Due to the incorrect range computation in the shl() function, the CheckAdd node incorrectly determines that the subtraction operation cannot overflow and drops the overflow checks to convert the node into an ordinary Add node. This can lead to an integer overflow vulnerability in the generated code. This gives us a way to convert the range overflow into an actual integer overflow in the JIT-ed code. Next, we will see how this can be leveraged to get a controlled out-of-bounds read/write on the JavaScriptCore heap.

Exploitation

To exploit this bug, we first try to convert the possible integer overflow into an out-of-bounds read/write on a JavaScript Array.
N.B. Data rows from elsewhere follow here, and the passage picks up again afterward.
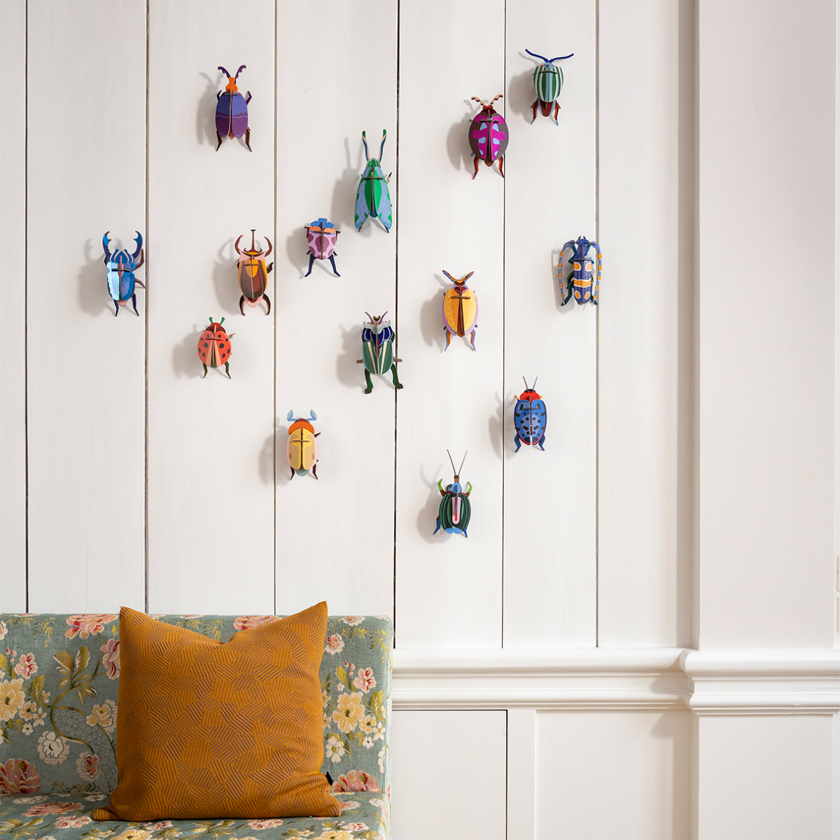 As small as they may be, insects are of great importance for the earth’s vitality. How extraordinary that they can now also tell their story in your home! Printed on recycled cardboard using vegetable ink, these colourful creatures with their bright graphic patterns allow you to add a little beauty to both your home and the world.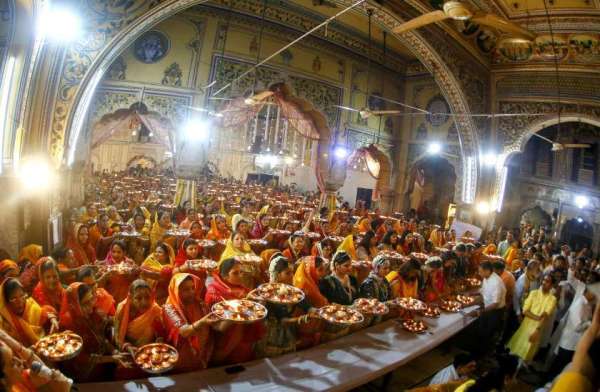 रामनवमी पर शहर के राम मंदिरों में भगवान राम के जन्माभिषेक के समय ऐसा ही नजारा देखने को मिला।
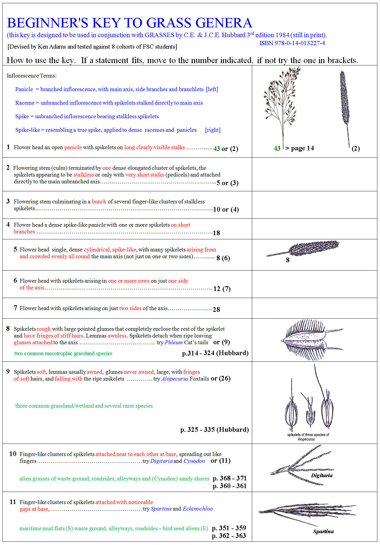 To use in conjunction with Hubbard's Grasses. 3rd edition.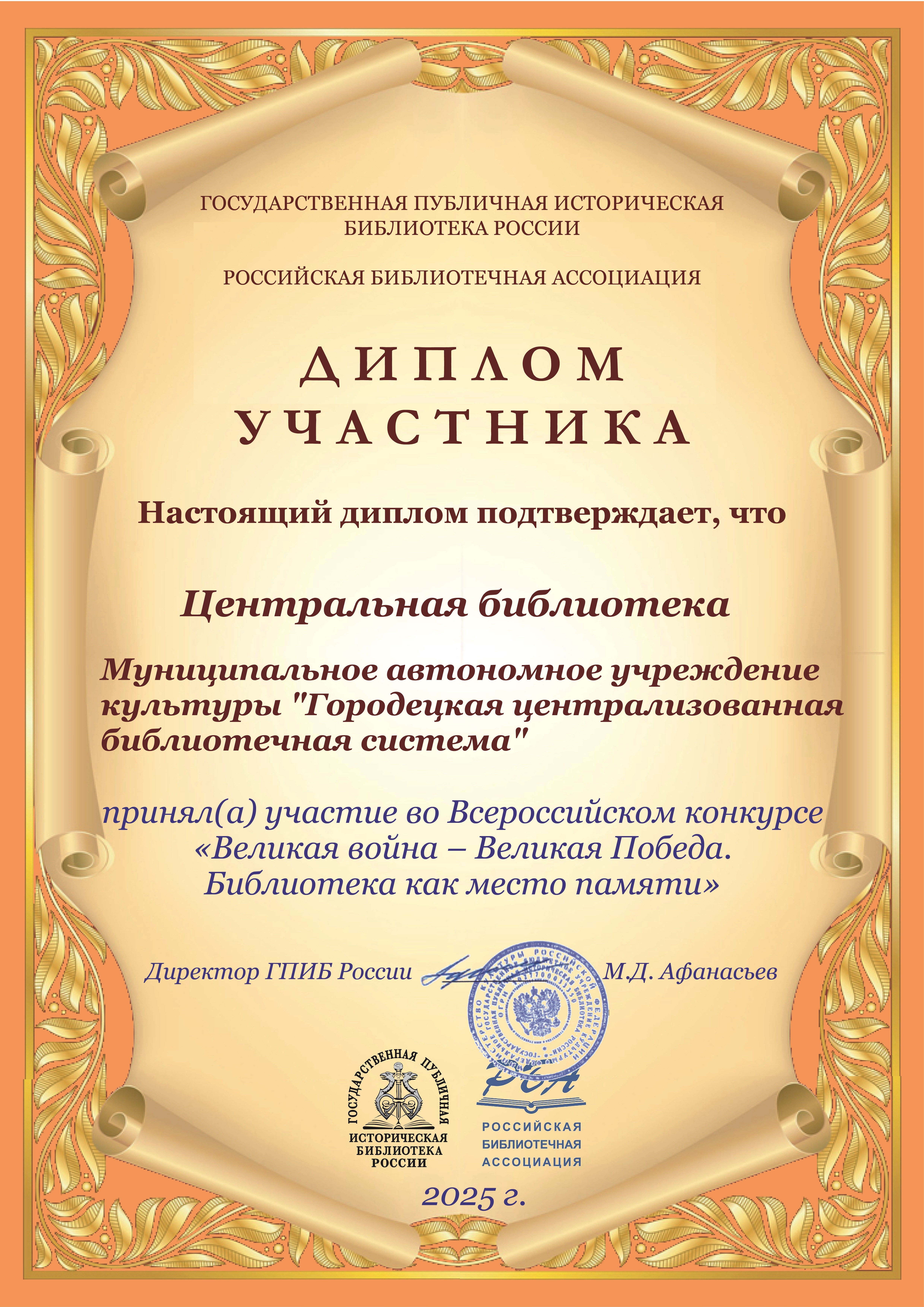 17 июля 2025 года методико-библиографический отдел Центральной библиотеки принял участие во Всероссийском конкурсе библиотечных проектов «Великая война - Великая Победа. Библиотека как место памяти», организованном Государственной публичной исторической библиотекой России при информационной поддержке РБА. Название работы: «Возьми себе в пример героя…»: опыт работы методико-библиографического отдела центральной библиотеки МБУК «Городецкая ЦБС» по организации и проведению окружных конкурсов профессионального мастерства на лучший электронный ресурс к 80-летию Победы, основанный на подвигах городчан - участников Великой Отечественной войны 1941-1945гг. (Диплом участника).
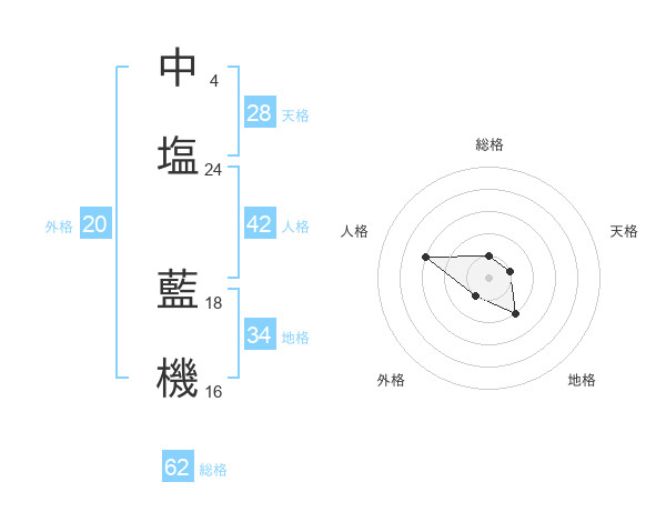 中塩 藍機さんを姓名の画数から五運を鑑定

After we get an out-of-bounds read/write, we create the addrof and fakeobj primitives. We need some knowledge of how objects are represented in JavaScriptCore. However, this has already been covered in detail by many others, so we will skip it for this post. If you are unfamiliar with object representation in JSC, we urge you to check out LiveOverflow’s excellent blogs on WebKit and the “Attacking JavaScript Engines” Phrack article by Samuel Groß.

We start by covering some concepts on the DFG.

DFG Relationships

In this section, we dive deeper into how DFG infers range information for nodes. It is not necessary to understand the bug, but it allows for a deeper understanding of the concept. If you do not feel like diving too deep, then feel free to skip to the next section. You will still be able to understand the rest of the post.

As mentioned before, JSC has 3 JIT compilers: the baseline JIT, the DFG JIT, and the FTL JIT. We saw that this vulnerability lies in the FTL JIT code and occurs after the DFG optimizations are run. Since the incorrect range is only used to reduce the “checked” version of Add, Sub and Mul nodes and never used anywhere else, there is no way of eliminating a bounds check in this phase. Thus it is necessary to look into the DFG IR phases, which take place prior to the code being lowered to B3 IR, for ways to remove bounds checks.

An interesting phase for the DFG IR is the Integer Range Optimization Phase (WebKit/Source/JavaScriptCore/dfg/DFGIntegerRangeOptimizationPhase.cpp), which attempts to optimize certain instructions based on the range of their input operands. Essentially, this phase is only executed in the FTL compiler and not in the DFG compiler, but since it operates on the DFG IR, we refer to this as a DFG phase. This phase can be considered analogous to the “Typer phase” in Turbofan, the Chrome JIT compiler, or the “Range Analysis Phase” in IonMonkey, the Firefox JIT compiler. The Integer Range Optimization Phase is fairly complex overall, therefore only details relevant to this exploit are discussed here.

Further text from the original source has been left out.